-- Exercise directions --
I'd like an exact copy of only the lines from the start of the listing below through the line that holds "Wallpaper Young beautiful". Please keep the pictures out.

-- The records --
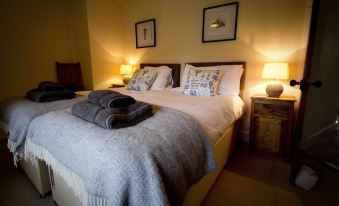 The master bedroom has a king sized bed and ensuite bathroom with walk in shower and view out across the fields and local bowling green. Of the 2 further bedrooms, there is 1 twin, and 1 bedroom with zip and link beds which can be configured as a twin or super king.
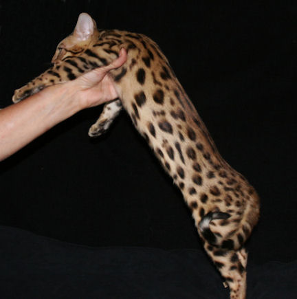 We are proud to co-own this fabulous boy with our great friends, Walt and Gail at Absolutely Bengals. ‘Cat” has a long muscular body with a fabulous head and perfect pattern with big try colored rosetting and a personality to die for.
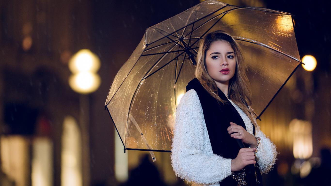 Wallpaper Young beautiful girl under an umbrella
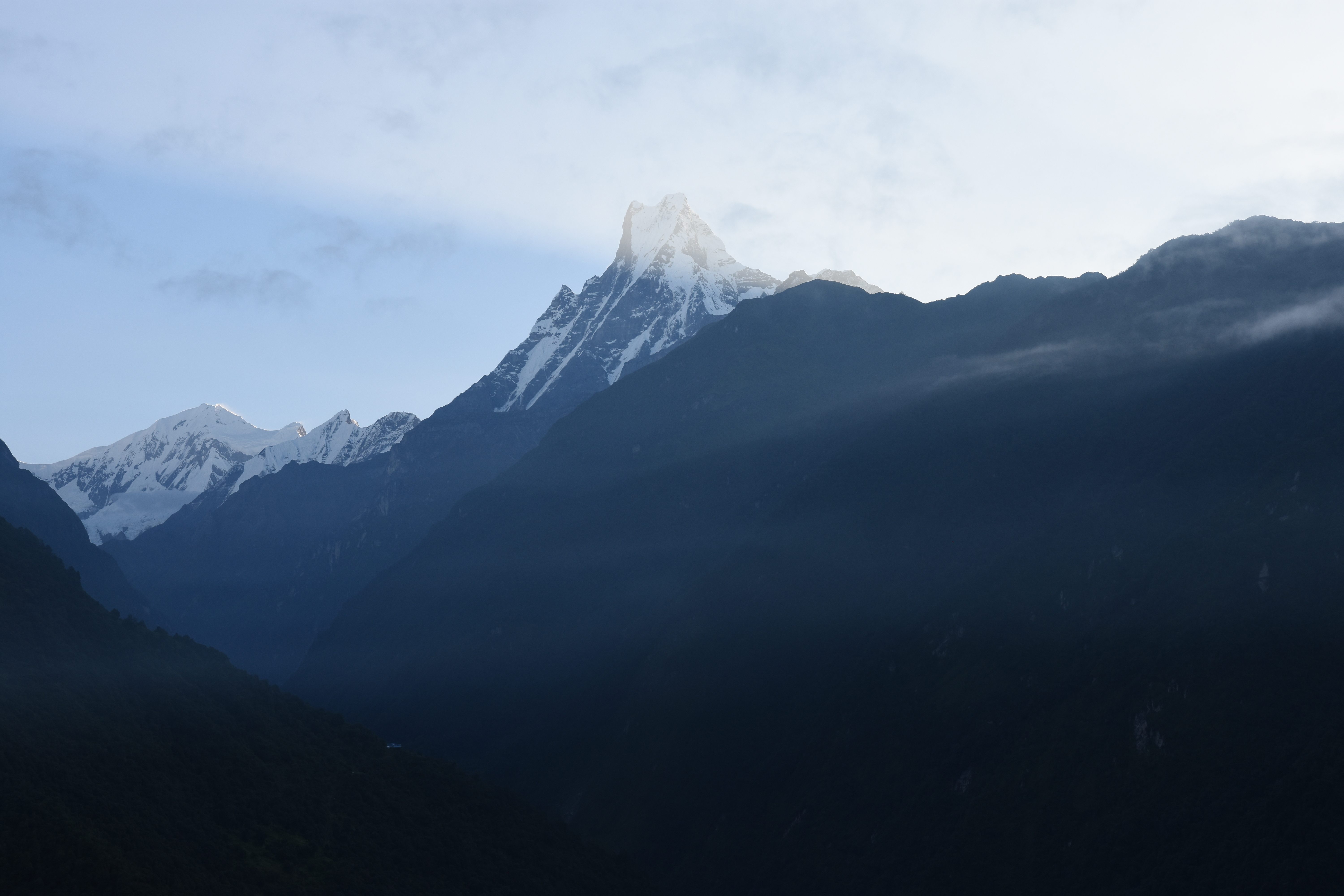 Am Samstag sind wir im ABC (Anapurna Base Camp) auf fast 4200 m.ü.M. angekommen. Auch hier gibts alle Angenehmlichkeiten: Warme Dusche, ein beheizter Essensraum, eine recht grosse Speisekarte und theoretisch WiFi (falls grad keine Wolken im Wege sind). Rafi und ich haben begonnen, Schach zu spielen (wie sich herausstellte, ist Rafi ein Profi) und ich habe normalerweise verloren (ausser wenn Rafi so nett war, und mich auf meine schlimmsten Fehler aufmerksamgemacht hat). Nach einiger Zeit hat uns eine ganze Gruppe Chinesen zugeschaut und Rafi und mir diverse Tipps und Strategieempfehlungen abgegeben. Am Schluss hat es noch ein Spitzenspiel zwischen Rafi und einem Guide gegeben (Details zum Ausgang des Spiels lassen wir hier weg).
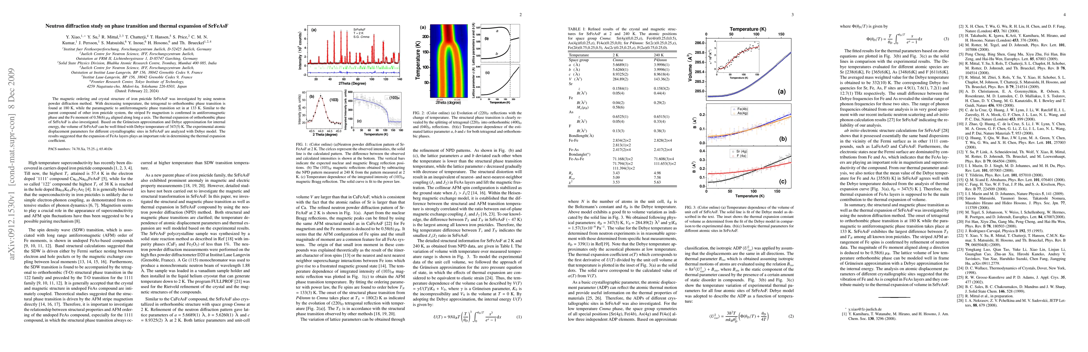 Neutron diffraction study reveals the phase transition of SrFeAsF from tetragonal to orthorhombic at 180 K and from paramagnetic to antiferromagnetic at 133 K, with Fe magnetism aligned along the a axis. The thermal expansion in the orthorhombic phase correlates with FeAs layers' expansion, fitting well with a Debye temperature of 347(5) K.
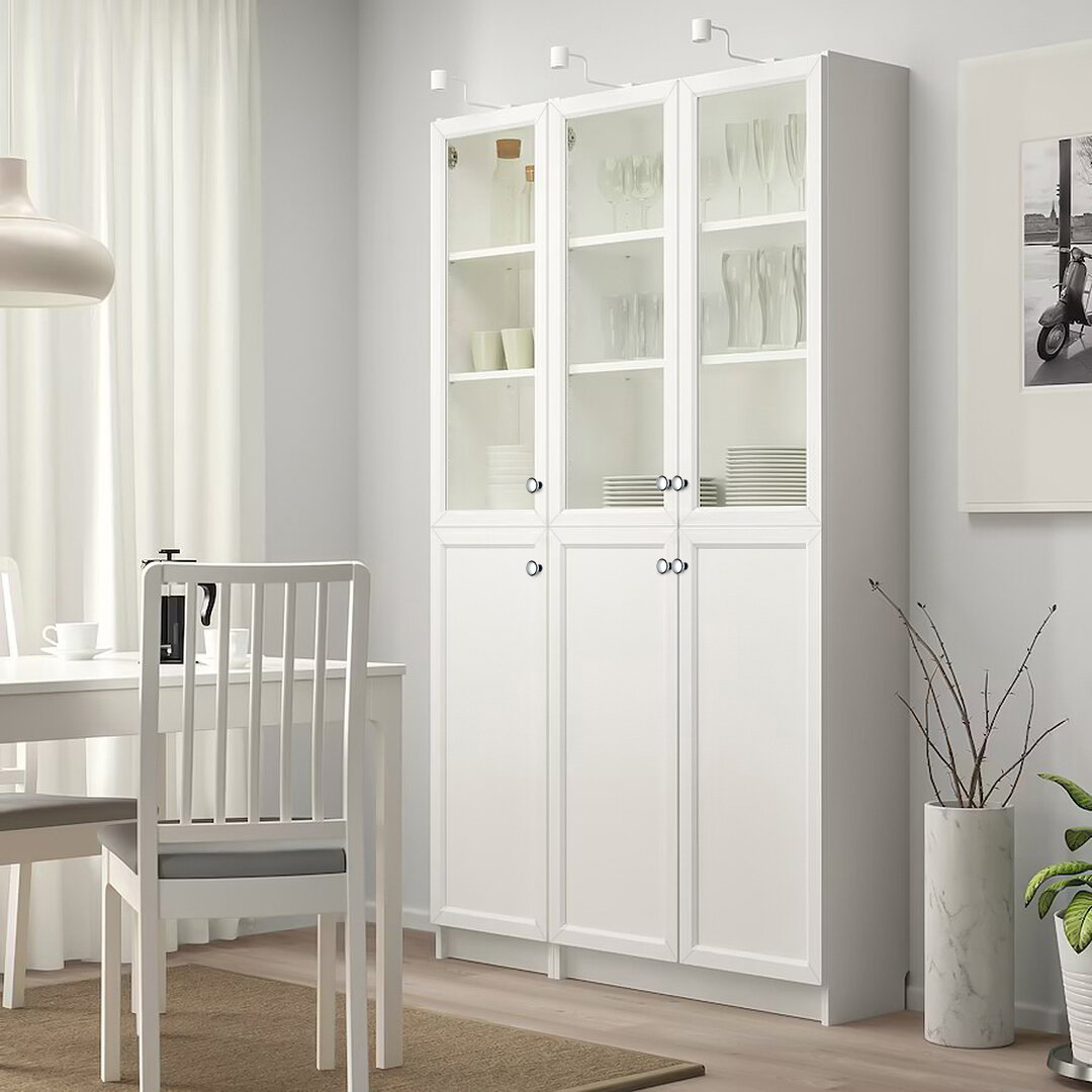 Отзывы на Шкаф стеллаж для книг с полками Билли 12 белый 120*30*202 ЛДСП со стеклянными и глухими дверцами
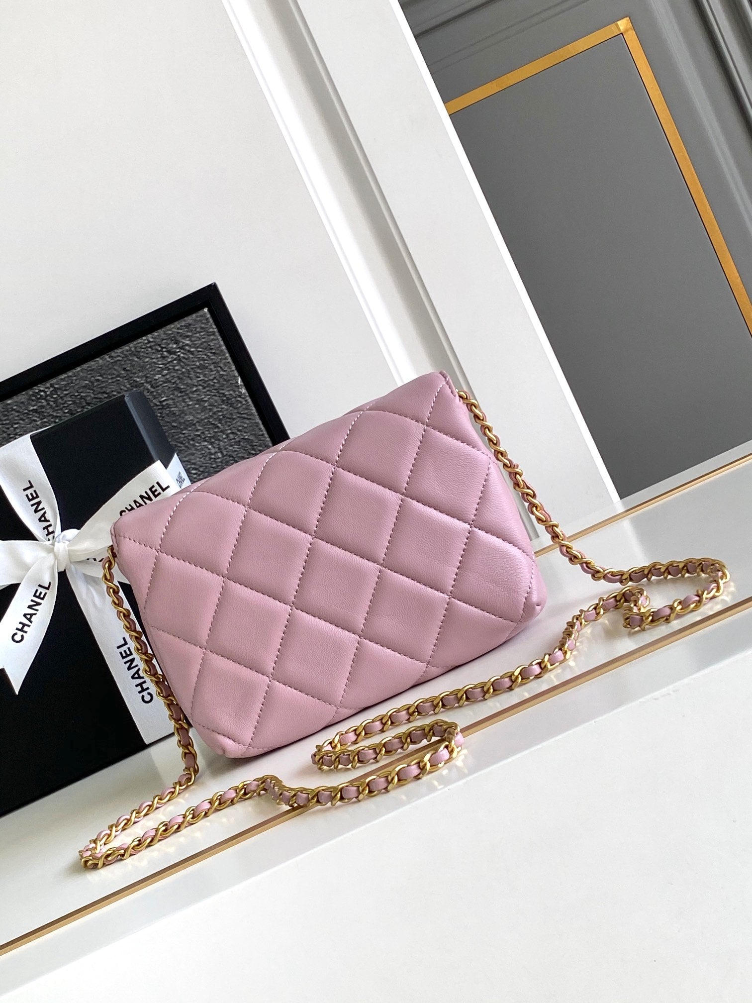 CC MINI 20 FLAP BAG IN LIGHT PINK LAMBSKIN GOLD HARDWARE

-- Answer below --
 The master bedroom has a king sized bed and ensuite bathroom with walk in shower and view out across the fields and local bowling green. Of the 2 further bedrooms, there is 1 twin, and 1 bedroom with zip and link beds which can be configured as a twin or super king.
 We are proud to co-own this fabulous boy with our great friends, Walt and Gail at Absolutely Bengals. ‘Cat” has a long muscular body with a fabulous head and perfect pattern with big try colored rosetting and a personality to die for.
 Wallpaper Young beautiful girl under an umbrella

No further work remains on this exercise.